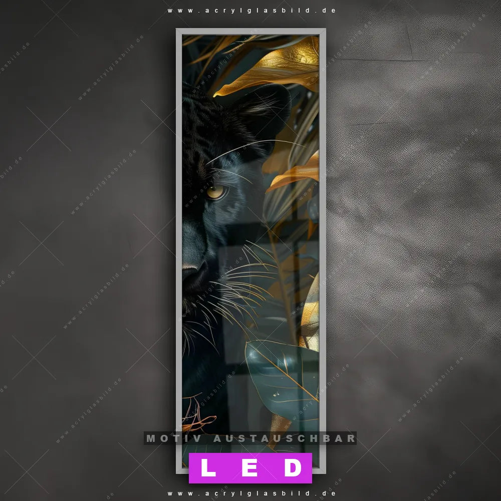 LED Acrylglasbild Canvalight® DIA | Schwarzer Panther im Dschungel | Schmal
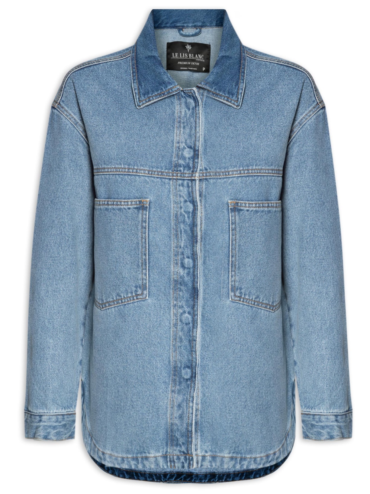 O camisa azul é confeccionada em sarja com lavagem em jeans sem elasticidade. A peça solta ao corpo possui colarinho clássico, mangas longas com abotoamento nos punhos, ombros estendidos, recorte posterior e frontal, tira fina aplicada na parte posterior, efeito estonado, barra arredondada, comprimento alongado e fechamento frontal por botões.
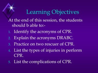 This document provides instructions for performing basic life support cardiopulmonary resuscitation (CPR) with two rescuers. It outlines the learning objectives and describes the steps of CPR using the acronym DRABC: Danger, Responsiveness, Airway, Breathing, and Circulation. The roles of each rescuer are defined for assessing the scene, checking responsiveness, opening the airway, giving rescue breaths, and performing chest compressions in a cycle of compressions and ventilations. Potential injuries from CPR like rib fractures and complications like vomiting are also listed.
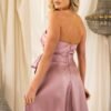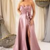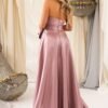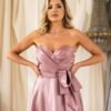 Confecionado em tecido acetinado, com um brilho sofisticado na tonalidade Rosa velho. O corpete estruturado realça a silhueta, enquanto a sobreposição de tecido drapeado na zona do busto adiciona um toque refinado ao modelo.
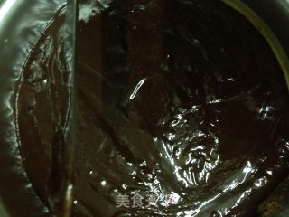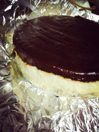 巧克力混合液冷却后倒入烤好的未脱模蛋糕上,放冰箱冷藏4小时
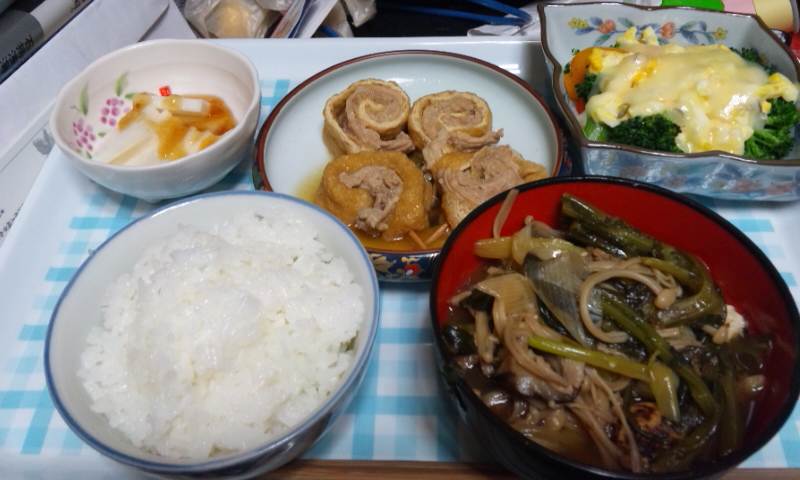 菜1:クックパッドにあった「あげトンまきまき」をうろ覚えで…というか、油抜きした油揚げに豚肉をまくまでは覚えてたんだけど、煮汁の配合全く覚えてなかったのでめんつゆと水を「煮物」配合で煮汁作ってそこにイン。…めんつゆメーカーさん、ラベルに書いておいてくれてありがとう!
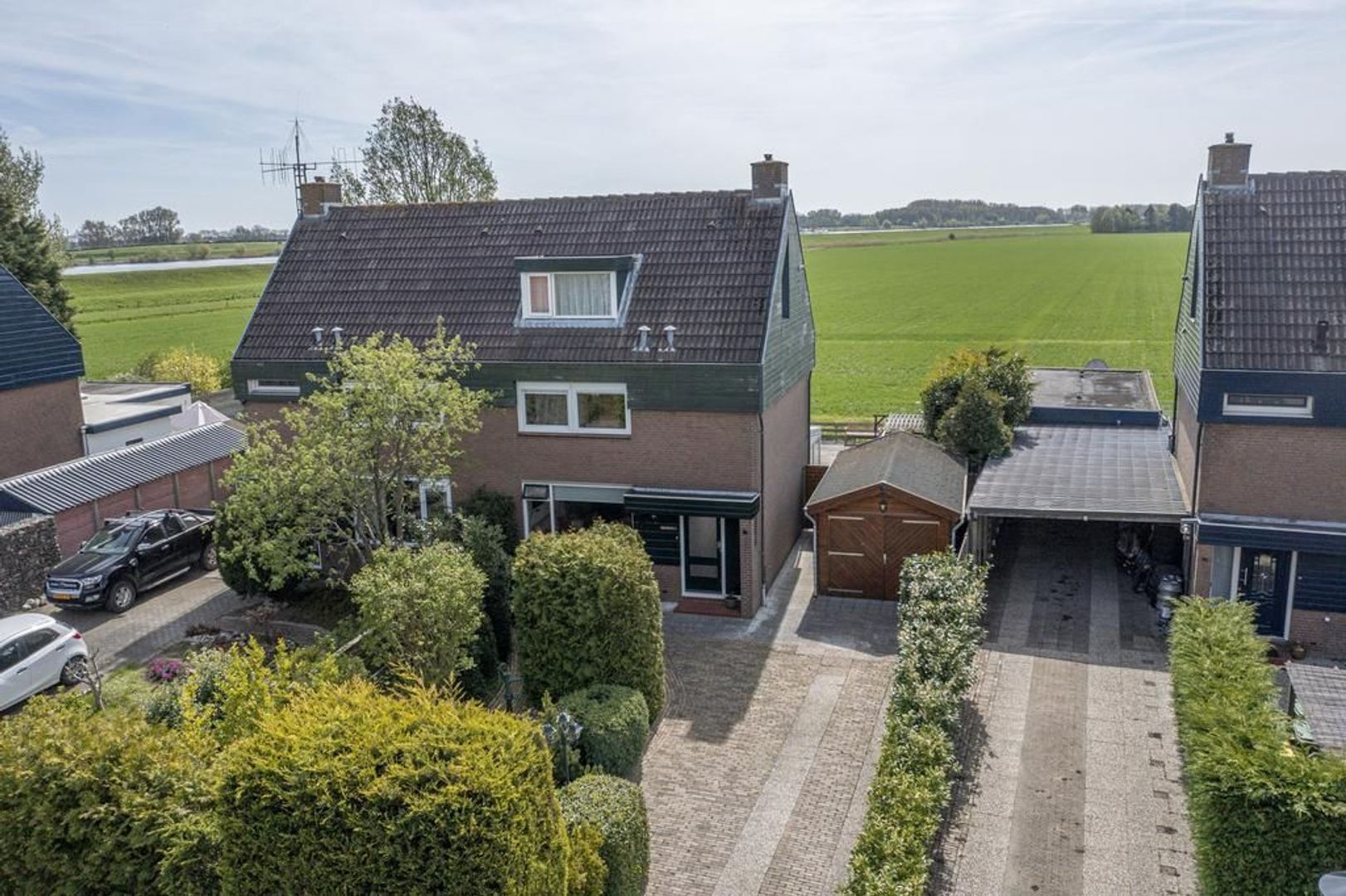 Landelijk gelegen twee-onder-een-kapwoning met garage en berging, tuin met vrij uitzicht over de landerijen én veel parkeerruimte op eigen terrein.
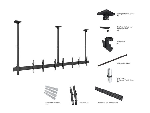 Fäste - aluminium, stål - svart - skärmstorlek: 32"-65" - takmonterbar
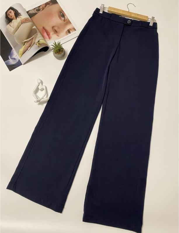 Брюки палаццо темно синего цвета Размер 36 Пот 36, поб 47, посадка 27, ширина штанины сверху 30, снизу 27 Бирка из состава отсутствует, на ощупь приятная ткань с добавлением вискозы и эластана, тянется
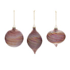 Add a touch of glamorous holiday cheer with the Iridescent Swirl Glass Ornament set. Featuring soft mauve pink and purple tones with a chic iridescent finish, these ornaments come in both traditional ball and onion shapes, beautifully adorned with a swirled glass texture. The delicate gold ornament cap and string hanger make them easy to display on your Christmas tree, while the soft colors and elegant design also make them perfect for weaving into a front door wreath or mantle garland to create a stunning seasonal statement. Sold in a set of six pieces with three assorted designs, these ornaments bring festive sophistication to any display.
....
What to produce:
Write out the listing above exactly, images omitted.

Reply to the exercise:
 LED Acrylglasbild Canvalight® DIA | Schwarzer Panther im Dschungel | Schmal
 O camisa azul é confeccionada em sarja com lavagem em jeans sem elasticidade. A peça solta ao corpo possui colarinho clássico, mangas longas com abotoamento nos punhos, ombros estendidos, recorte posterior e frontal, tira fina aplicada na parte posterior, efeito estonado, barra arredondada, comprimento alongado e fechamento frontal por botões.
 This document provides instructions for performing basic life support cardiopulmonary resuscitation (CPR) with two rescuers. It outlines the learning objectives and describes the steps of CPR using the acronym DRABC: Danger, Responsiveness, Airway, Breathing, and Circulation. The roles of each rescuer are defined for assessing the scene, checking responsiveness, opening the airway, giving rescue breaths, and performing chest compressions in a cycle of compressions and ventilations. Potential injuries from CPR like rib fractures and complications like vomiting are also listed.
 Confecionado em tecido acetinado, com um brilho sofisticado na tonalidade Rosa velho. O corpete estruturado realça a silhueta, enquanto a sobreposição de tecido drapeado na zona do busto adiciona um toque refinado ao modelo.
 巧克力混合液冷却后倒入烤好的未脱模蛋糕上,放冰箱冷藏4小时
 菜1:クックパッドにあった「あげトンまきまき」をうろ覚えで…というか、油抜きした油揚げに豚肉をまくまでは覚えてたんだけど、煮汁の配合全く覚えてなかったのでめんつゆと水を「煮物」配合で煮汁作ってそこにイン。…めんつゆメーカーさん、ラベルに書いておいてくれてありがとう!
 Landelijk gelegen twee-onder-een-kapwoning met garage en berging, tuin met vrij uitzicht over de landerijen én veel parkeerruimte op eigen terrein.
 Fäste - aluminium, stål - svart - skärmstorlek: 32"-65" - takmonterbar
 Брюки палаццо темно синего цвета Размер 36 Пот 36, поб 47, посадка 27, ширина штанины сверху 30, снизу 27 Бирка из состава отсутствует, на ощупь приятная ткань с добавлением вискозы и эластана, тянется
 Add a touch of glamorous holiday cheer with the Iridescent Swirl Glass Ornament set. Featuring soft mauve pink and purple tones with a chic iridescent finish, these ornaments come in both traditional ball and onion shapes, beautifully adorned with a swirled glass texture. The delicate gold ornament cap and string hanger make them easy to display on your Christmas tree, while the soft colors and elegant design also make them perfect for weaving into a front door wreath or mantle garland to create a stunning seasonal statement. Sold in a set of six pieces with three assorted designs, these ornaments bring festive sophistication to any display.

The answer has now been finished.